• **The problem**
In your copy of the data, omit the pictures and keep all else exactly as given.

• **Supplied data**
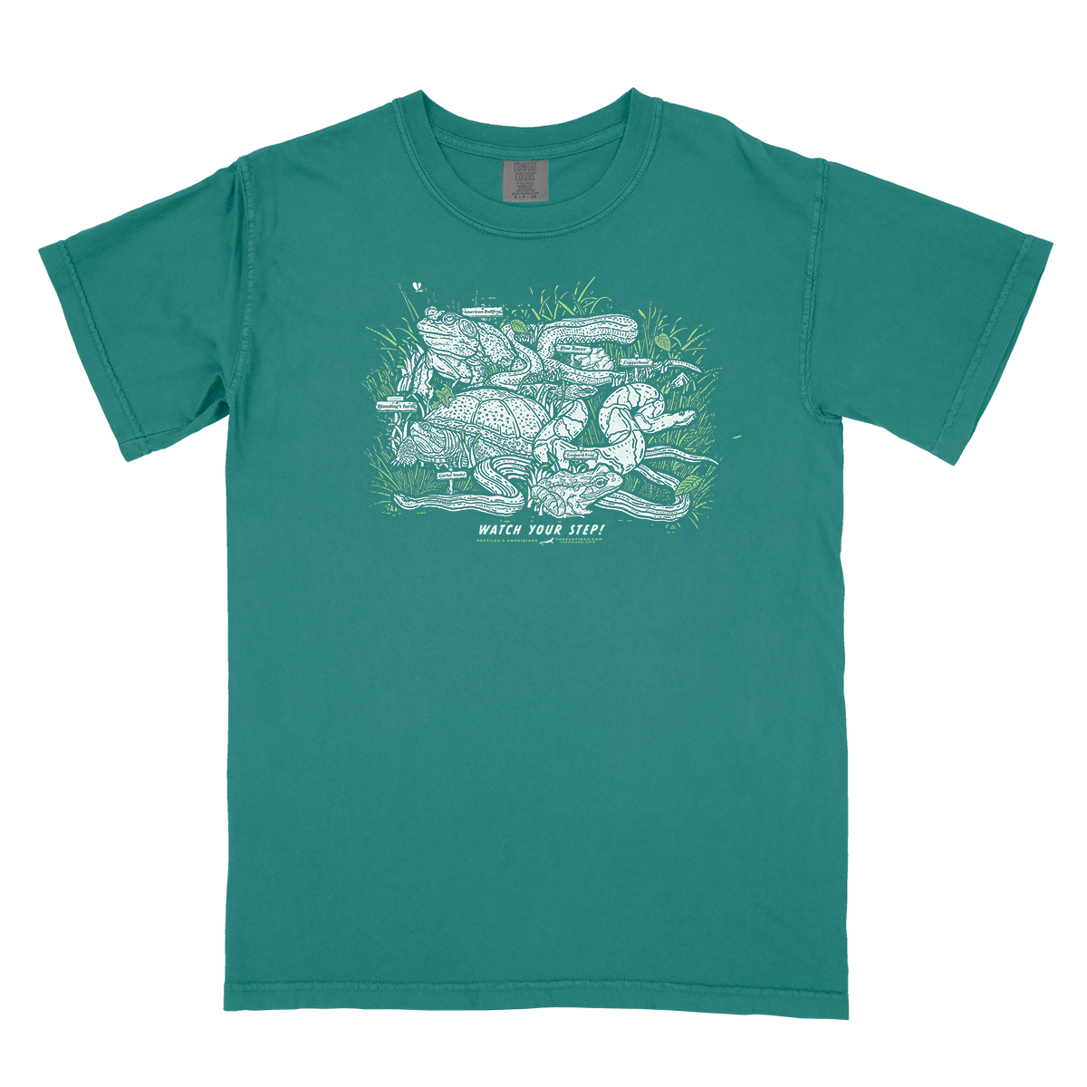 “Watch Your Step” printed with water-based inks on 100% cotton Comfort Colors tee.
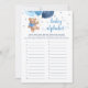 Adquira este cartão e desfrute do jogo Baby Alphabet ABC de alta qualidade para o seu evento! Balões Azuis e Prateados, Urso Teddy. Atividades de chá de fraldas! Adivinha o jogo.
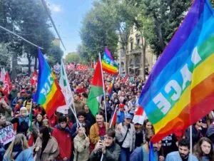La conclusione che ne abbiamo tratto per costruire lo sciopero generale verso la Finanziaria del governo Meloni – che non potrà avere come unico elemento trainante la Palestina o la guerra, ma che dovrà dare grande rilievo anche alle tematiche del lavoro, dei servizi pubblici e sociali, del salario, del precariato, delle pensioni, della scuola, sanità ecc. – è che esso non può retrocedere dall’unità realizzata il 3 ottobre.
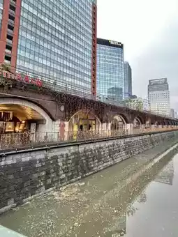 Walking through the red-brick tunnels, you can still feel the echoes of the station’s history. The arched passageways and rounded windows frame views of the Kanda River — a mix of nostalgia and modern Tokyo that’s truly captivating.
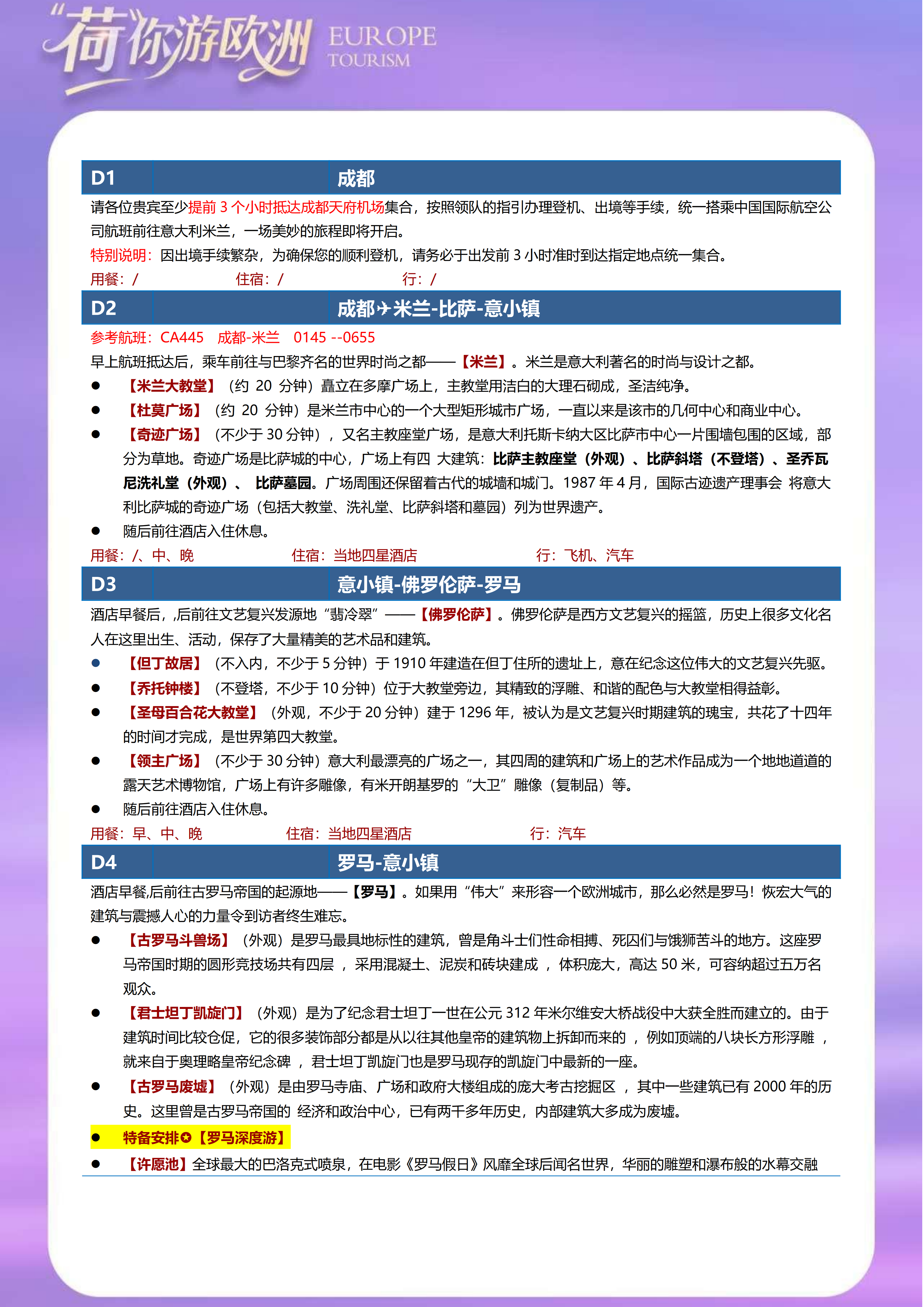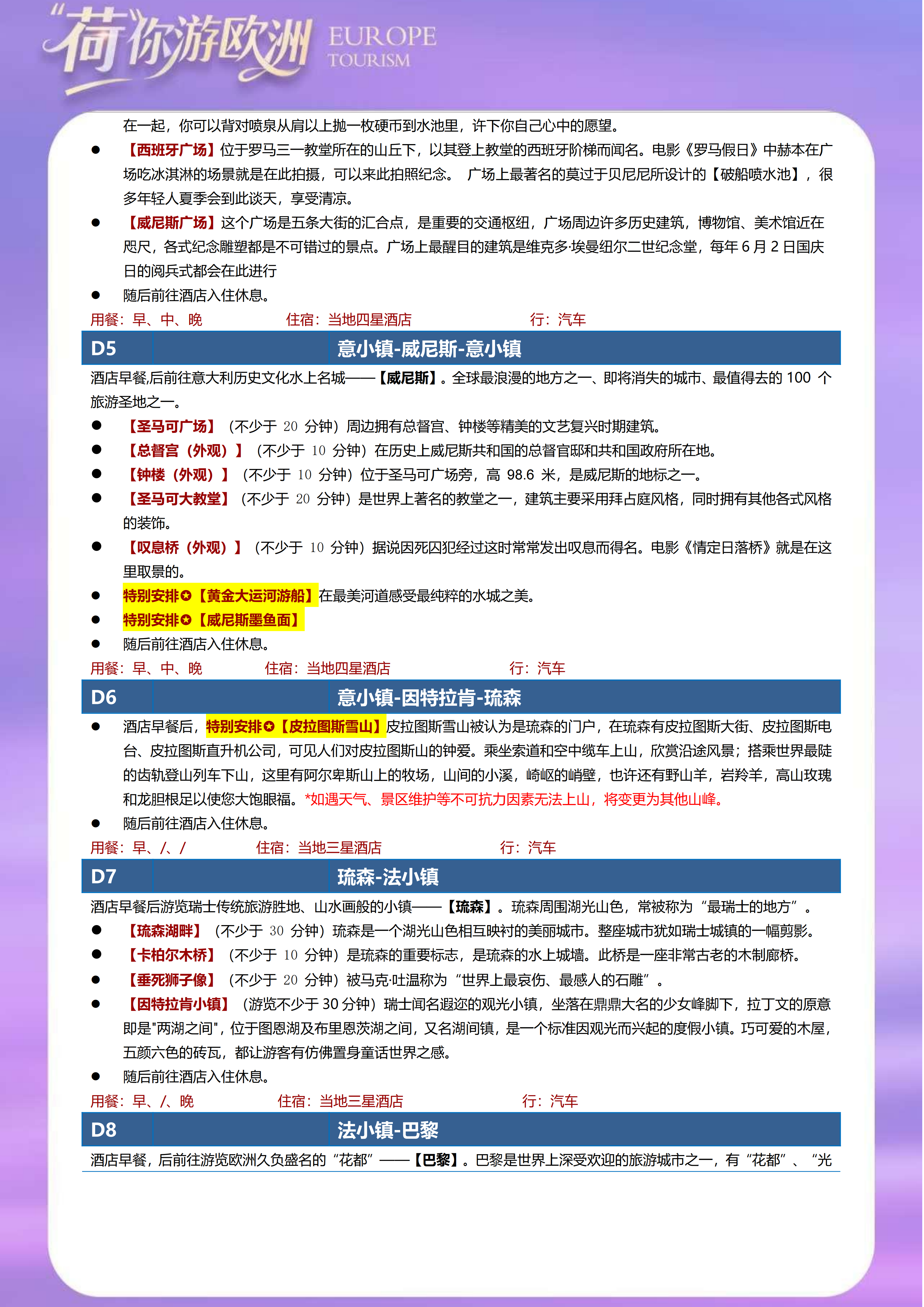 荷兰+德法意瑞 5国14天--4月7日--精华全览
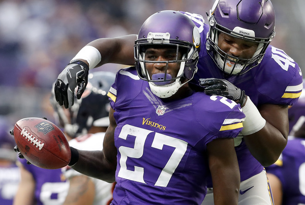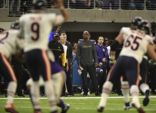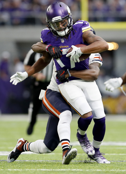 After safety Anthony Harris recovered a fumble by Bears running back Jeremy Langford inside Bears territory, Bradford's second touchdown pass, a 22-yarder to Kyle Rudolph, made it 17-0 in the second quarter.

• **Exercise output**
 “Watch Your Step” printed with water-based inks on 100% cotton Comfort Colors tee.
 Adquira este cartão e desfrute do jogo Baby Alphabet ABC de alta qualidade para o seu evento! Balões Azuis e Prateados, Urso Teddy. Atividades de chá de fraldas! Adivinha o jogo.
La conclusione che ne abbiamo tratto per costruire lo sciopero generale verso la Finanziaria del governo Meloni – che non potrà avere come unico elemento trainante la Palestina o la guerra, ma che dovrà dare grande rilievo anche alle tematiche del lavoro, dei servizi pubblici e sociali, del salario, del precariato, delle pensioni, della scuola, sanità ecc. – è che esso non può retrocedere dall’unità realizzata il 3 ottobre.
 Walking through the red-brick tunnels, you can still feel the echoes of the station’s history. The arched passageways and rounded windows frame views of the Kanda River — a mix of nostalgia and modern Tokyo that’s truly captivating.
 荷兰+德法意瑞 5国14天--4月7日--精华全览
 After safety Anthony Harris recovered a fumble by Bears running back Jeremy Langford inside Bears territory, Bradford's second touchdown pass, a 22-yarder to Kyle Rudolph, made it 17-0 in the second quarter.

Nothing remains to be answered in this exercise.